▸ **What you will do**: From the listing that follows, output everything exactly except the pictures.

▸ **Data excerpt**:
- - - -

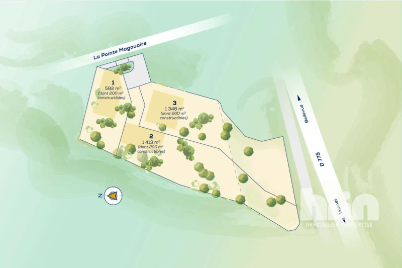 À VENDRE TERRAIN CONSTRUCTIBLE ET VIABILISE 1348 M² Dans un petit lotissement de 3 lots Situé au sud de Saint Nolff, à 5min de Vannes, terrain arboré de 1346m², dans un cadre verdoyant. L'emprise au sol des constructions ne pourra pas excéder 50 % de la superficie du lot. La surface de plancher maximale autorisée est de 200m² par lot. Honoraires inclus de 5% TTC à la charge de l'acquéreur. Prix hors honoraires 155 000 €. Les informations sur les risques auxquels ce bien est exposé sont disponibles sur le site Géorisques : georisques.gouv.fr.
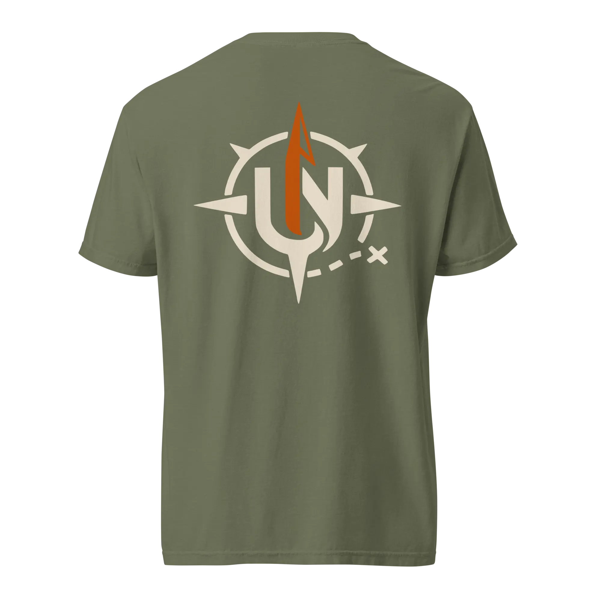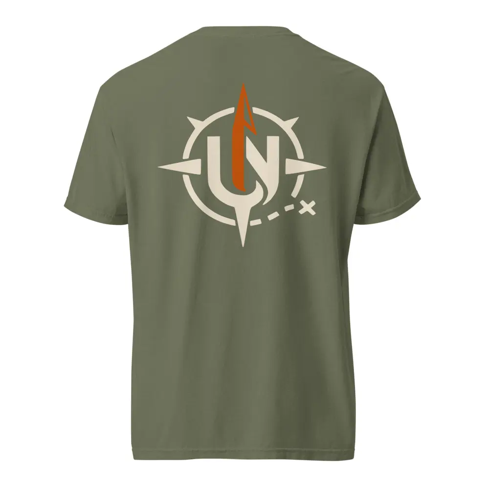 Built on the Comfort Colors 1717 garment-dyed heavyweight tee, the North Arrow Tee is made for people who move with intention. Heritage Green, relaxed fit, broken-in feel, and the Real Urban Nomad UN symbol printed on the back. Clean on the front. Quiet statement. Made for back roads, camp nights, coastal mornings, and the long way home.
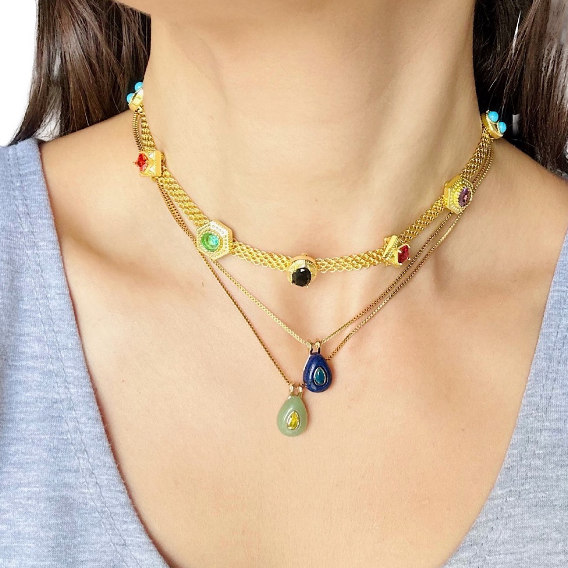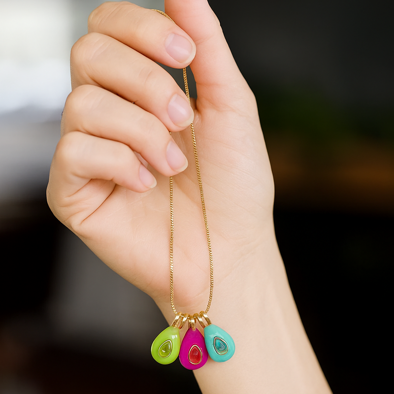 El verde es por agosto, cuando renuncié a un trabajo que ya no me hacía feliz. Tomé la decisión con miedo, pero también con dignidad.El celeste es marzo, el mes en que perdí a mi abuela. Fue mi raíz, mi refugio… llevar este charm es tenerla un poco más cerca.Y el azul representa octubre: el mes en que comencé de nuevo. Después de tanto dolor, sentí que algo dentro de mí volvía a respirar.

- - - -

▸ **Answer section**:
 À VENDRE TERRAIN CONSTRUCTIBLE ET VIABILISE 1348 M² Dans un petit lotissement de 3 lots Situé au sud de Saint Nolff, à 5min de Vannes, terrain arboré de 1346m², dans un cadre verdoyant. L'emprise au sol des constructions ne pourra pas excéder 50 % de la superficie du lot. La surface de plancher maximale autorisée est de 200m² par lot. Honoraires inclus de 5% TTC à la charge de l'acquéreur. Prix hors honoraires 155 000 €. Les informations sur les risques auxquels ce bien est exposé sont disponibles sur le site Géorisques : georisques.gouv.fr.
 Built on the Comfort Colors 1717 garment-dyed heavyweight tee, the North Arrow Tee is made for people who move with intention. Heritage Green, relaxed fit, broken-in feel, and the Real Urban Nomad UN symbol printed on the back. Clean on the front. Quiet statement. Made for back roads, camp nights, coastal mornings, and the long way home.
 El verde es por agosto, cuando renuncié a un trabajo que ya no me hacía feliz. Tomé la decisión con miedo, pero también con dignidad.El celeste es marzo, el mes en que perdí a mi abuela. Fue mi raíz, mi refugio… llevar este charm es tenerla un poco más cerca.Y el azul representa octubre: el mes en que comencé de nuevo. Después de tanto dolor, sentí que algo dentro de mí volvía a respirar.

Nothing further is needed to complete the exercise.